INPUT FOR THIS TASK:
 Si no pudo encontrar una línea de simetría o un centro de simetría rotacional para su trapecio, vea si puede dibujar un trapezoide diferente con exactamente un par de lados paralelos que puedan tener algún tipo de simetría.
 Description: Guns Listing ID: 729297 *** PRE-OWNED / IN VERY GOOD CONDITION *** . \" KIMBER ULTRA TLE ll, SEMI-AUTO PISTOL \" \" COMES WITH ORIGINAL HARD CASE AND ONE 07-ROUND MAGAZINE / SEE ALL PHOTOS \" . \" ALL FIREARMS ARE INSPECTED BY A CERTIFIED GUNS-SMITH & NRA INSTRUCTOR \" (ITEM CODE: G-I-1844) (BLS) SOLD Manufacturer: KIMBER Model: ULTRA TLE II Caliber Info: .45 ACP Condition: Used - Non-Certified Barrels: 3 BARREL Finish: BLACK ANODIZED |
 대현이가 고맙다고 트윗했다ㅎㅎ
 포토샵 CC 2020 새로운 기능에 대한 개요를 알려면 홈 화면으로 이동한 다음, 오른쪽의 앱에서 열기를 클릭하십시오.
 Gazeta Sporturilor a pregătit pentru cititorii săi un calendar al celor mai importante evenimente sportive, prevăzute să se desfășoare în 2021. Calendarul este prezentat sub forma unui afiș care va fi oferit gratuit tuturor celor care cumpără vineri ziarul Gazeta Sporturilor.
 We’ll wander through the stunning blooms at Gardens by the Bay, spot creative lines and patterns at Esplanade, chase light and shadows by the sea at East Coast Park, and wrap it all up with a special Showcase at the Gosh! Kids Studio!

---

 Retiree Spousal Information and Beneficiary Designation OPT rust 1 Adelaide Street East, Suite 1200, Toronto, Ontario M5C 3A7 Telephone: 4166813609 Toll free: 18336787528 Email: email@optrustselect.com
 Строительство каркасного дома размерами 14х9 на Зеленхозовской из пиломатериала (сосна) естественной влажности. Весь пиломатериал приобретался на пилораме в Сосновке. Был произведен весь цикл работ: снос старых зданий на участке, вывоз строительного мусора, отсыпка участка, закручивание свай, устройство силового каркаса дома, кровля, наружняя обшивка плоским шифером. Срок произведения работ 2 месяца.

YOUR OBJECTIVE:
All that is wanted is a faithful reproduction of the line above with "Description: Guns Listing", the line with "We’ll wander through", and every line in between.

RESPONSE TO THIS EXERCISE:
 Description: Guns Listing ID: 729297 *** PRE-OWNED / IN VERY GOOD CONDITION *** . \" KIMBER ULTRA TLE ll, SEMI-AUTO PISTOL \" \" COMES WITH ORIGINAL HARD CASE AND ONE 07-ROUND MAGAZINE / SEE ALL PHOTOS \" . \" ALL FIREARMS ARE INSPECTED BY A CERTIFIED GUNS-SMITH & NRA INSTRUCTOR \" (ITEM CODE: G-I-1844) (BLS) SOLD Manufacturer: KIMBER Model: ULTRA TLE II Caliber Info: .45 ACP Condition: Used - Non-Certified Barrels: 3 BARREL Finish: BLACK ANODIZED |
 대현이가 고맙다고 트윗했다ㅎㅎ
 포토샵 CC 2020 새로운 기능에 대한 개요를 알려면 홈 화면으로 이동한 다음, 오른쪽의 앱에서 열기를 클릭하십시오.
 Gazeta Sporturilor a pregătit pentru cititorii săi un calendar al celor mai importante evenimente sportive, prevăzute să se desfășoare în 2021. Calendarul este prezentat sub forma unui afiș care va fi oferit gratuit tuturor celor care cumpără vineri ziarul Gazeta Sporturilor.
 We’ll wander through the stunning blooms at Gardens by the Bay, spot creative lines and patterns at Esplanade, chase light and shadows by the sea at East Coast Park, and wrap it all up with a special Showcase at the Gosh! Kids Studio!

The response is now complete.